-- Entries provided follows --
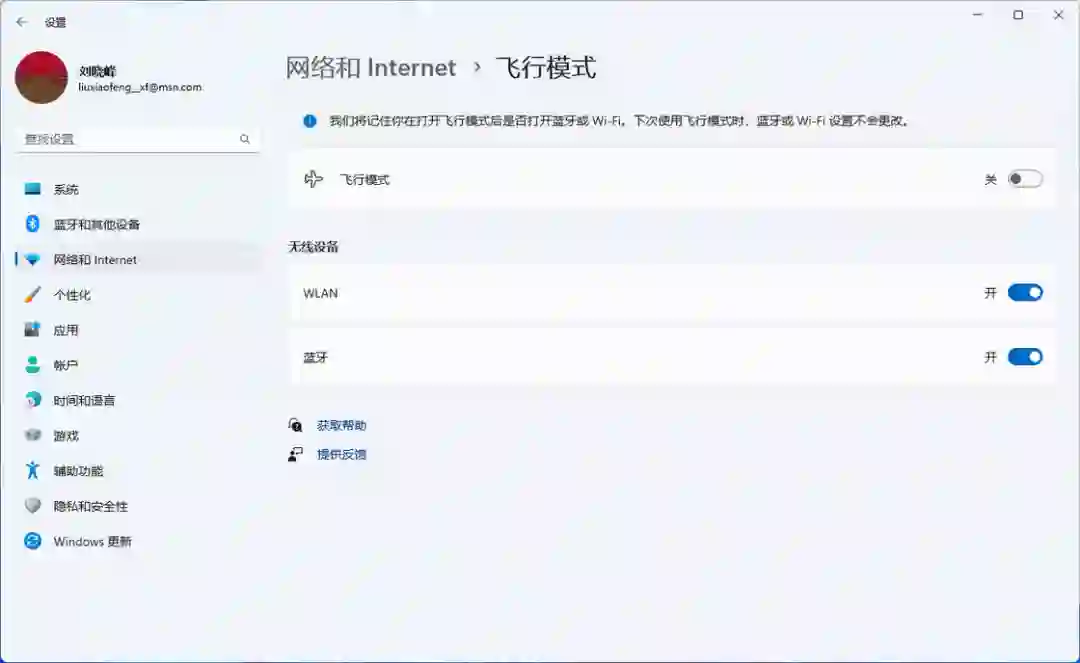 最后,在 22H2 中的飞行模式也得到了一定程度的改进,新版飞行模式可以记住 Wi-Fi 以及蓝牙设置的打开状态,在打开飞行模式的开关以后,Wi-Fi 以及蓝牙的状态不会发生改变。。
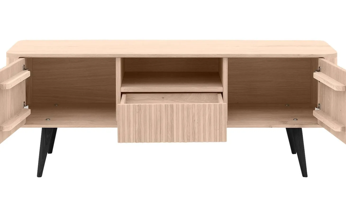 Mit seiner cleveren Aufteilung bietet Seppe Platz für alles: das offene Fach (41 x 13 x 40 cm) für Ihren TV-Receiver, zwei geschlossene Fächer (43 x 26 x 39 cm) für Geräte und eine handliche Schublade (37 x 8 x 31 cm) für Fernbedienungen und Kabel. Kombinieren Sie es mit anderen Möbeln aus derselben Serie für ein komplettes Ensemble.
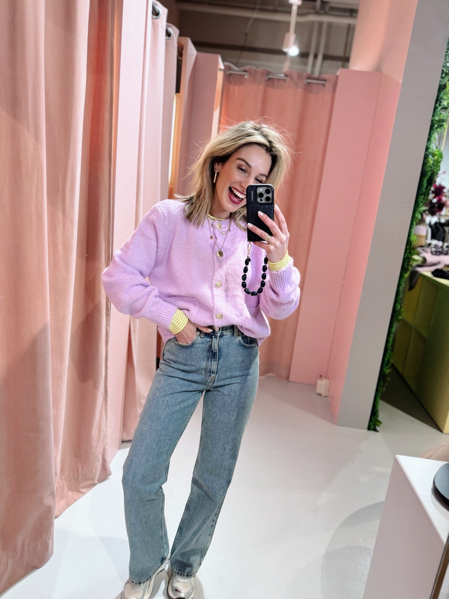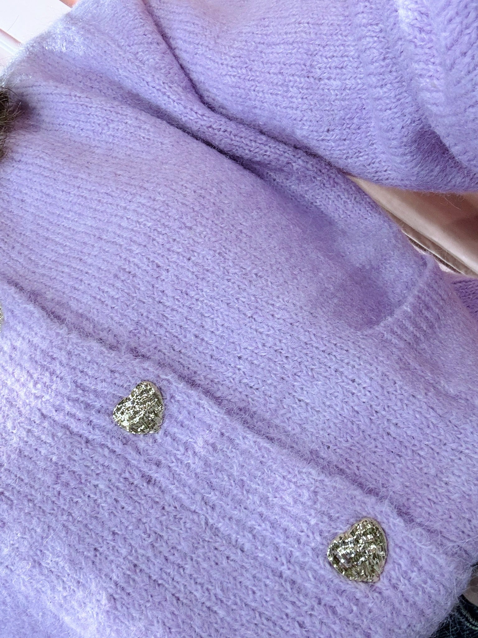De Ariana Cardigan in lila heeft een moderne boxy fit en is gemaakt van een zachte, gebreide stof die comfortabel aanvoelt. Het vest heeft lange mouwen, twee zakken, een ronde halslijn en is afgewerkt met goudkleurige, hartvormige knoopjes voor een subtiele, vrouwelijke touch.
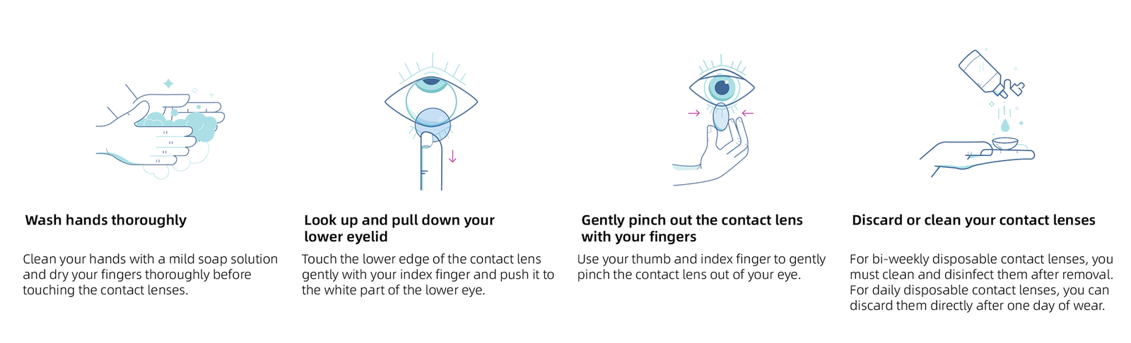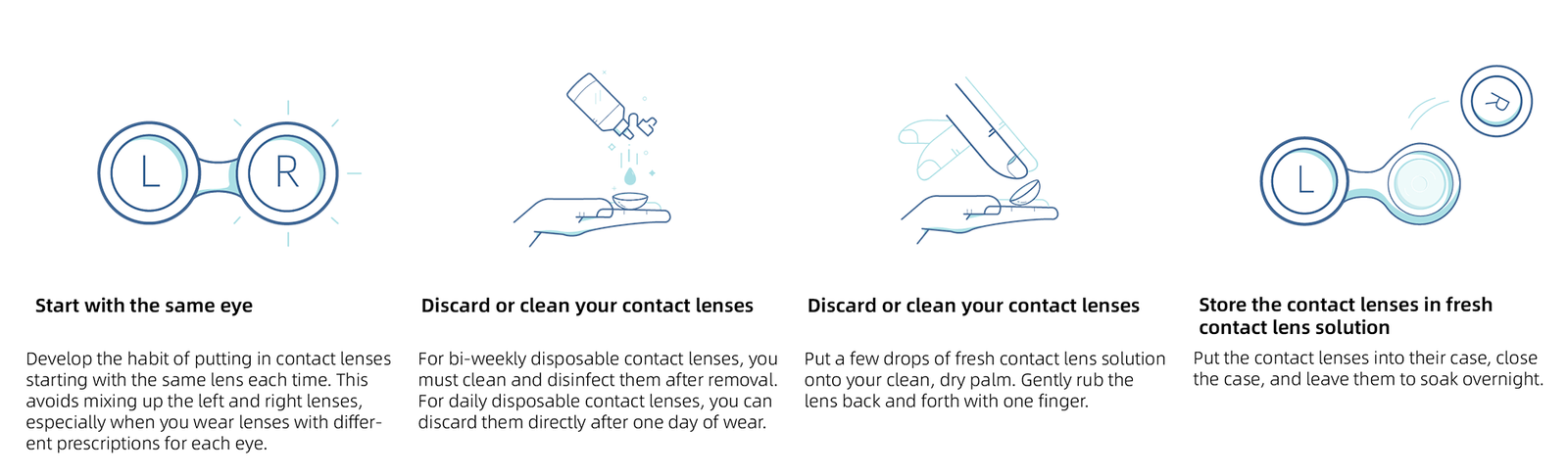 - Discard daily disposable contact lenses. For bi-weekly, monthly, and annual disposable contact lenses, make sure to clean and disinfect them.
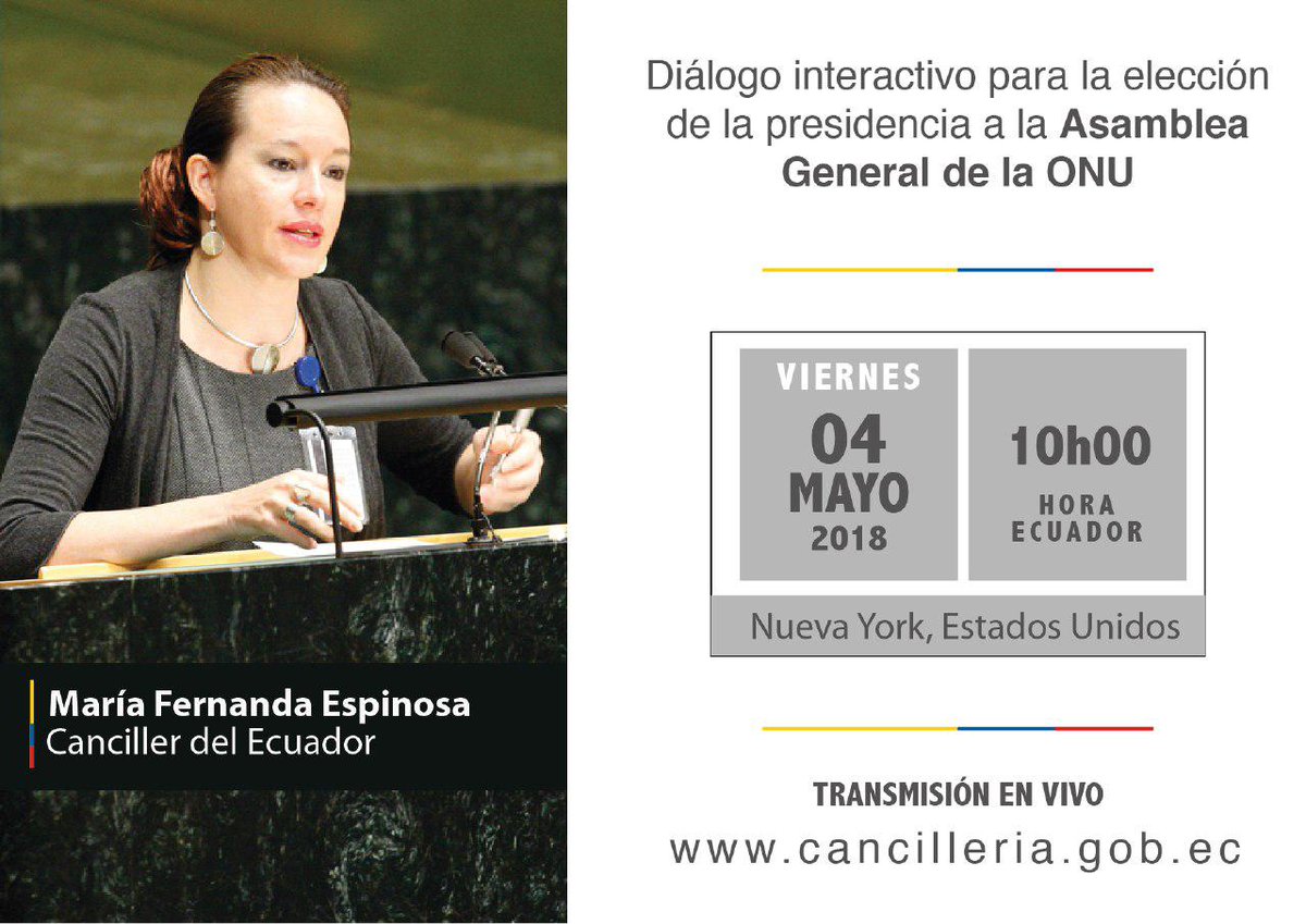 #Ahora | Inicia la presentación de la canciller @mfespinosaEC en el diálogo interactivo para la elección de la presidencia a la Asamblea General de @ONU_es.
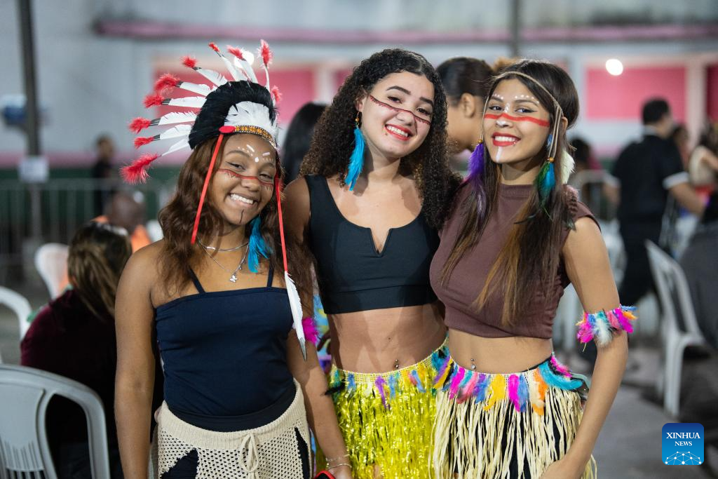 Participants perform a traditional group dance during a celebration of harvest in the Manguinhos community in Rio de Janeiro, Brazil, July 19, 2025. (Xinhua/Wang Tiancong)
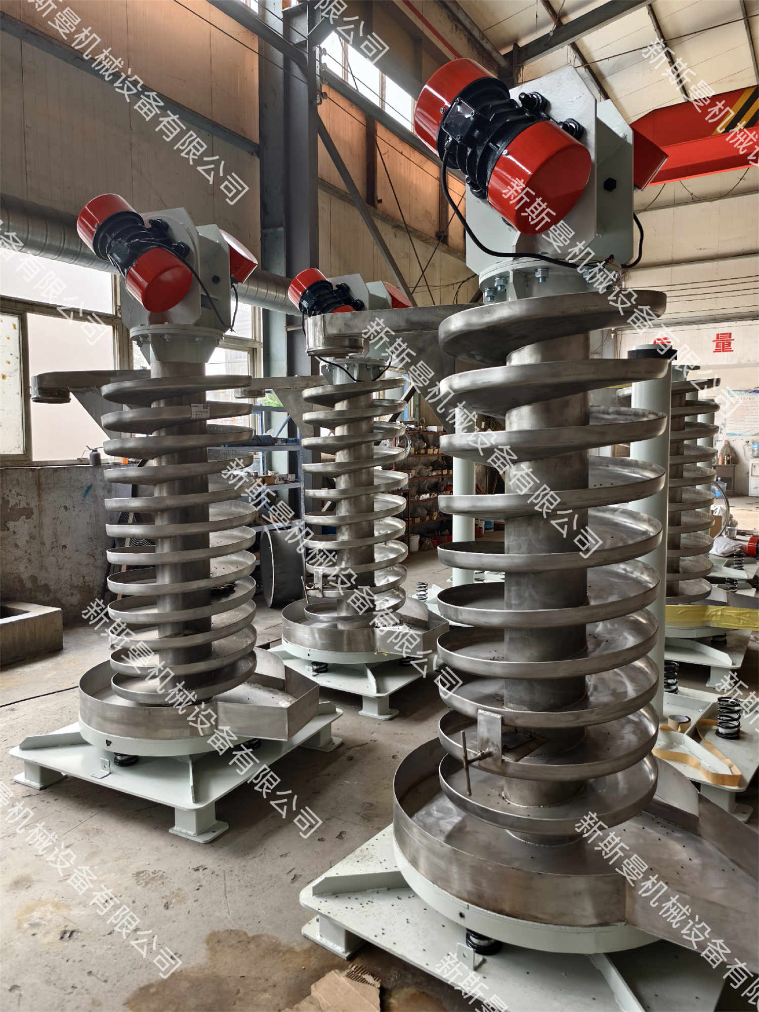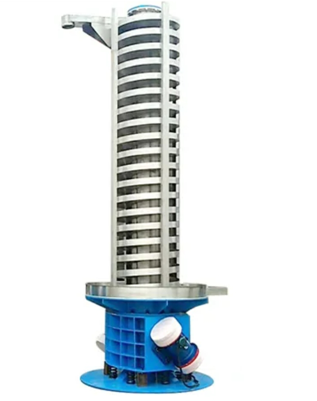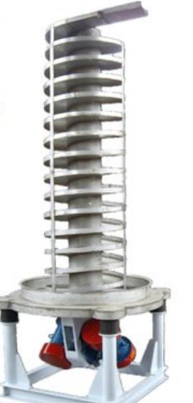 垂直提升機的驅動裝置振動電機安裝在輸送塔下部,兩臺振動電機對稱交叉安裝,輸送塔由管體和焊接在管體周圍的螺旋輸送槽組成,輸送塔座于減振裝置上,減振裝置由底座和隔振彈簧組成。當垂直提升機工作時,根據雙振動電機自同步原理,由振動電機產生激振力,強迫整個輸送塔體作水平圓運動和向上垂直運動的空間復合振動,螺旋槽內的物料則受輸送槽的作用,作勻速拋擲圓運動,沿輸送槽體向上運動,從而完成物料的向上(或向下)輸送作業,因此本設備也被成為振動垂直輸送機。
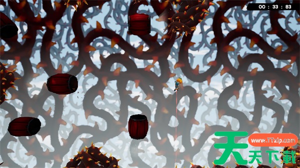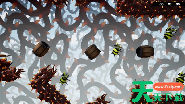 地图上会有很多木桶,操控南瓜杰克钻进木桶里,再被木桶发射出去进入下一个木桶。木桶的发射角度和力度都不需要自己手动调整,只需要寻找发射时机就好。地图上的尖刺和蜜蜂碰到了就嗝屁,但只要有充足的耐心就能轻松通过这关。
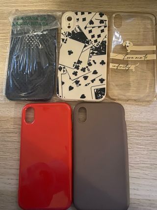 Lote de cinco fundas para iPhone XR. Incluye fundas de diferentes estilos y colores para proteger tu móvil. - Funda negra con embalaje original. - Funda transparente con diseño de perro salchicha y texto. - Funda con estampado de cartas de póker. - Funda roja lisa. - Funda gris lisa.
-- Entries provided concluded --
Repeat the records verbatim, excluding pictures.

(Response to this exercise)
 最后,在 22H2 中的飞行模式也得到了一定程度的改进,新版飞行模式可以记住 Wi-Fi 以及蓝牙设置的打开状态,在打开飞行模式的开关以后,Wi-Fi 以及蓝牙的状态不会发生改变。。
 Mit seiner cleveren Aufteilung bietet Seppe Platz für alles: das offene Fach (41 x 13 x 40 cm) für Ihren TV-Receiver, zwei geschlossene Fächer (43 x 26 x 39 cm) für Geräte und eine handliche Schublade (37 x 8 x 31 cm) für Fernbedienungen und Kabel. Kombinieren Sie es mit anderen Möbeln aus derselben Serie für ein komplettes Ensemble.
De Ariana Cardigan in lila heeft een moderne boxy fit en is gemaakt van een zachte, gebreide stof die comfortabel aanvoelt. Het vest heeft lange mouwen, twee zakken, een ronde halslijn en is afgewerkt met goudkleurige, hartvormige knoopjes voor een subtiele, vrouwelijke touch.
 - Discard daily disposable contact lenses. For bi-weekly, monthly, and annual disposable contact lenses, make sure to clean and disinfect them.
 #Ahora | Inicia la presentación de la canciller @mfespinosaEC en el diálogo interactivo para la elección de la presidencia a la Asamblea General de @ONU_es.
 Participants perform a traditional group dance during a celebration of harvest in the Manguinhos community in Rio de Janeiro, Brazil, July 19, 2025. (Xinhua/Wang Tiancong)
 垂直提升機的驅動裝置振動電機安裝在輸送塔下部,兩臺振動電機對稱交叉安裝,輸送塔由管體和焊接在管體周圍的螺旋輸送槽組成,輸送塔座于減振裝置上,減振裝置由底座和隔振彈簧組成。當垂直提升機工作時,根據雙振動電機自同步原理,由振動電機產生激振力,強迫整個輸送塔體作水平圓運動和向上垂直運動的空間復合振動,螺旋槽內的物料則受輸送槽的作用,作勻速拋擲圓運動,沿輸送槽體向上運動,從而完成物料的向上(或向下)輸送作業,因此本設備也被成為振動垂直輸送機。
 地图上会有很多木桶,操控南瓜杰克钻进木桶里,再被木桶发射出去进入下一个木桶。木桶的发射角度和力度都不需要自己手动调整,只需要寻找发射时机就好。地图上的尖刺和蜜蜂碰到了就嗝屁,但只要有充足的耐心就能轻松通过这关。
 Lote de cinco fundas para iPhone XR. Incluye fundas de diferentes estilos y colores para proteger tu móvil. - Funda negra con embalaje original. - Funda transparente con diseño de perro salchicha y texto. - Funda con estampado de cartas de póker. - Funda roja lisa. - Funda gris lisa.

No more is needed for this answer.